## Activity
Copy out all the records exactly.

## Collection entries
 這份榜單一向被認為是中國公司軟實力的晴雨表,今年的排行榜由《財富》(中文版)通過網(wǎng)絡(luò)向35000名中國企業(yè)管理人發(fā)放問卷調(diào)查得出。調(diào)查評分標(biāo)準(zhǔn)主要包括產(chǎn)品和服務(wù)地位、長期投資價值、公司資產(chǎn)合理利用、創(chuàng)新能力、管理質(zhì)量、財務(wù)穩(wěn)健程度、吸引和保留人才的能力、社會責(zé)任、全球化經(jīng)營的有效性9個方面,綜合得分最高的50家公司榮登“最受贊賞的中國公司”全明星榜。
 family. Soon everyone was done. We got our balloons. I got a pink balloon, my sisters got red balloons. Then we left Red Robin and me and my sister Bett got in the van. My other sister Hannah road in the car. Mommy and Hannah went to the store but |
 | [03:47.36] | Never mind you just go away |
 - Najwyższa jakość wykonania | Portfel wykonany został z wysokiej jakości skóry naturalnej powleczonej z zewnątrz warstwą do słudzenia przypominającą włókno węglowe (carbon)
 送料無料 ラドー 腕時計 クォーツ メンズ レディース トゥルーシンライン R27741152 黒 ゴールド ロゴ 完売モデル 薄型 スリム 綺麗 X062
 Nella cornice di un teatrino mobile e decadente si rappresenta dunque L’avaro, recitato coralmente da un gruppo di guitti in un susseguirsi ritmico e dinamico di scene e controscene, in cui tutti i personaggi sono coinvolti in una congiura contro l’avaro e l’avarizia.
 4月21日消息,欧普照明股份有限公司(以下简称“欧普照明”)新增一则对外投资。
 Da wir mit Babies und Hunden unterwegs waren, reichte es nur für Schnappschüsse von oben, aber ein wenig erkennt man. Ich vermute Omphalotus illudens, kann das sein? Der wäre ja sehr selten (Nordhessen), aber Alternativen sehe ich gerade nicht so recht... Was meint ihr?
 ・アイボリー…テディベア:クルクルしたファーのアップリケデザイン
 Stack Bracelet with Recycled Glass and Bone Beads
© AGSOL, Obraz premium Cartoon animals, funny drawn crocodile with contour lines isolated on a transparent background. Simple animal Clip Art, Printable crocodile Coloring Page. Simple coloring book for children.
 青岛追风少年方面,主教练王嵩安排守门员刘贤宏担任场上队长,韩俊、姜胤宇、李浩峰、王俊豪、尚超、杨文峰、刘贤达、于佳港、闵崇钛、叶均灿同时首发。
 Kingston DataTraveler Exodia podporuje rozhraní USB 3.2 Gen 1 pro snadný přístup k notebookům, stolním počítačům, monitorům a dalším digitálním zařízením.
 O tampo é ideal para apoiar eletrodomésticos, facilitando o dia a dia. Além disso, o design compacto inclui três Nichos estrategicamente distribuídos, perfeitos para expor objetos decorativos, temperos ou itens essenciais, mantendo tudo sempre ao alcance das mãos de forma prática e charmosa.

## Result of this task
 這份榜單一向被認為是中國公司軟實力的晴雨表,今年的排行榜由《財富》(中文版)通過網(wǎng)絡(luò)向35000名中國企業(yè)管理人發(fā)放問卷調(diào)查得出。調(diào)查評分標(biāo)準(zhǔn)主要包括產(chǎn)品和服務(wù)地位、長期投資價值、公司資產(chǎn)合理利用、創(chuàng)新能力、管理質(zhì)量、財務(wù)穩(wěn)健程度、吸引和保留人才的能力、社會責(zé)任、全球化經(jīng)營的有效性9個方面,綜合得分最高的50家公司榮登“最受贊賞的中國公司”全明星榜。
 family. Soon everyone was done. We got our balloons. I got a pink balloon, my sisters got red balloons. Then we left Red Robin and me and my sister Bett got in the van. My other sister Hannah road in the car. Mommy and Hannah went to the store but |
 | [03:47.36] | Never mind you just go away |
 - Najwyższa jakość wykonania | Portfel wykonany został z wysokiej jakości skóry naturalnej powleczonej z zewnątrz warstwą do słudzenia przypominającą włókno węglowe (carbon)
 送料無料 ラドー 腕時計 クォーツ メンズ レディース トゥルーシンライン R27741152 黒 ゴールド ロゴ 完売モデル 薄型 スリム 綺麗 X062
 Nella cornice di un teatrino mobile e decadente si rappresenta dunque L’avaro, recitato coralmente da un gruppo di guitti in un susseguirsi ritmico e dinamico di scene e controscene, in cui tutti i personaggi sono coinvolti in una congiura contro l’avaro e l’avarizia.
 4月21日消息,欧普照明股份有限公司(以下简称“欧普照明”)新增一则对外投资。
 Da wir mit Babies und Hunden unterwegs waren, reichte es nur für Schnappschüsse von oben, aber ein wenig erkennt man. Ich vermute Omphalotus illudens, kann das sein? Der wäre ja sehr selten (Nordhessen), aber Alternativen sehe ich gerade nicht so recht... Was meint ihr?
 ・アイボリー…テディベア:クルクルしたファーのアップリケデザイン
 Stack Bracelet with Recycled Glass and Bone Beads
© AGSOL, Obraz premium Cartoon animals, funny drawn crocodile with contour lines isolated on a transparent background. Simple animal Clip Art, Printable crocodile Coloring Page. Simple coloring book for children.
 青岛追风少年方面,主教练王嵩安排守门员刘贤宏担任场上队长,韩俊、姜胤宇、李浩峰、王俊豪、尚超、杨文峰、刘贤达、于佳港、闵崇钛、叶均灿同时首发。
 Kingston DataTraveler Exodia podporuje rozhraní USB 3.2 Gen 1 pro snadný přístup k notebookům, stolním počítačům, monitorům a dalším digitálním zařízením.
 O tampo é ideal para apoiar eletrodomésticos, facilitando o dia a dia. Além disso, o design compacto inclui três Nichos estrategicamente distribuídos, perfeitos para expor objetos decorativos, temperos ou itens essenciais, mantendo tudo sempre ao alcance das mãos de forma prática e charmosa.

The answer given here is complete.